Pull-down assay of His Trim21 (L) Doc against GST Coh (L) WWW and GST Coh TD28Rev

Pull-down assay is a one-step assay that is used to detect protein-protein interaction. We incubated Trim (L) Doc with GST Coh WWW and GST Coh TD28Rev to see the best interaction, we used the BCA assay to characterize the interaction.

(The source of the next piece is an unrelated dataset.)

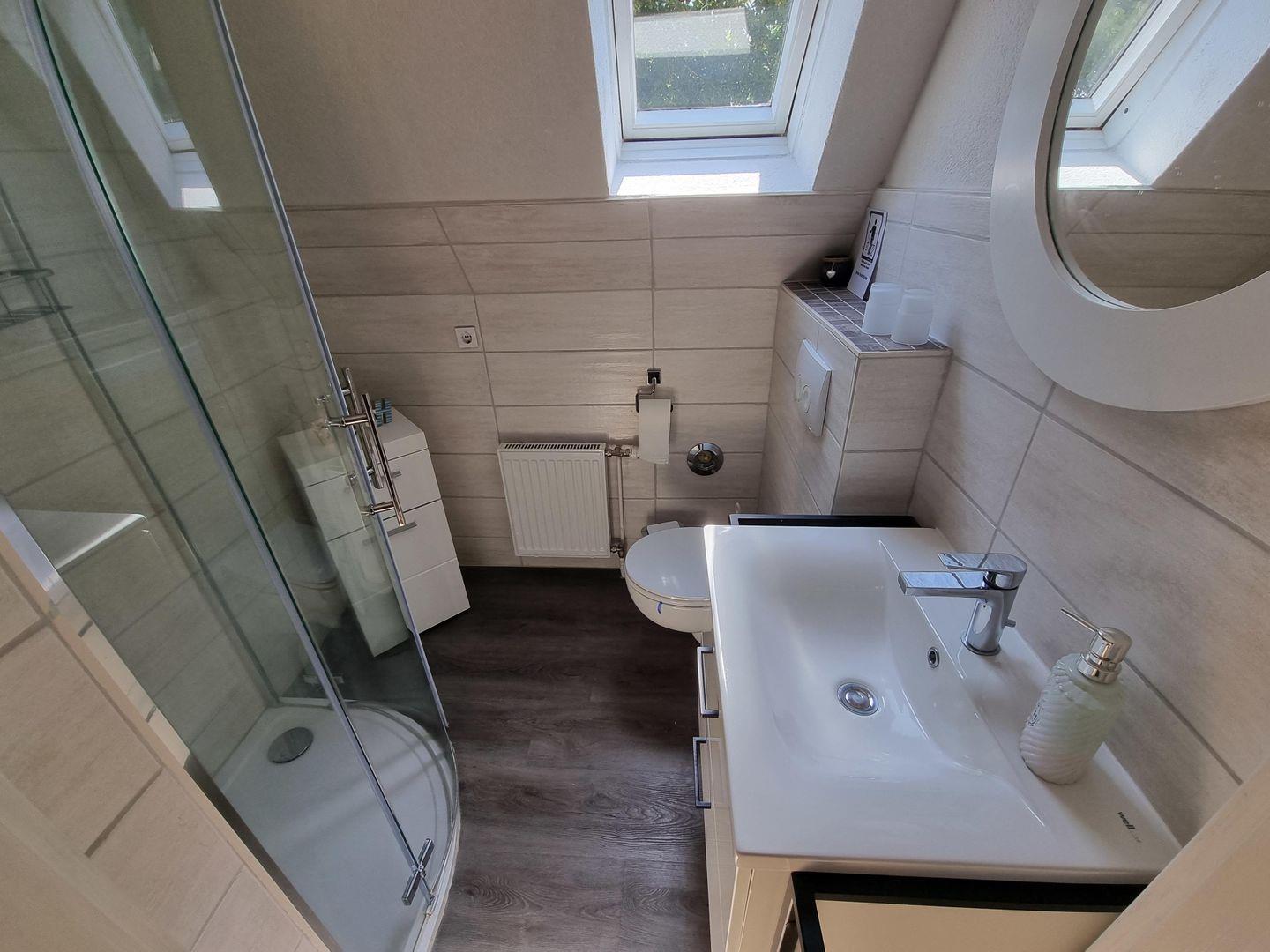 Im Obergeschoss finden Sie drei unterschiedlich eingerichtete Schlafimmer und eines der zwei Bäder. Das Bad im Obergeschoss hat einen Waschtisch , eine Toilette und Dusche mit Rainshower.

     Figure 12. This graph shows the comparison of pull-down assay between His Trim (L) Doc against GST Coh (L) WWW and 
      GST Coh (L) TD28 Rev, showing that the interaction between His Trim21 (L) Doc and GST Coh (L) WWW is better than that 
      of His Trim (L) Doc and GST Coh TD28 Rev as the concentration of the elution coming from the pull-down assay 
      of His Trim21 (L) Doc and GST Coh (L) WWW is more than that of His Trim21 (L) Doc and GST Coh (L) TD28rev.

References

1- Lytle BL, Volkman BF, Westler WM, Heckman MP, Wu JH. Solution structure of a type I dockerin domain, a novel prokaryotic, extracellular calcium-binding domain. J Mol Biol. 2001 Mar 30;307(3):745-53. doi: 10.1006/jmbi.2001.4522. PMID: 11273698.


2- Ronchi, V. P., & Haas, A. L. (2012). Measuring rates of ubiquitin chain formation as a functional readout of ligase activity. In Ubiquitin Family Modifiers and the Proteasome (pp. 197-218). Humana Press.

3- Collins, G. A., & Goldberg, A. L. (2017). The logic of the 26S proteasome. Cell, 169(5), 792-806.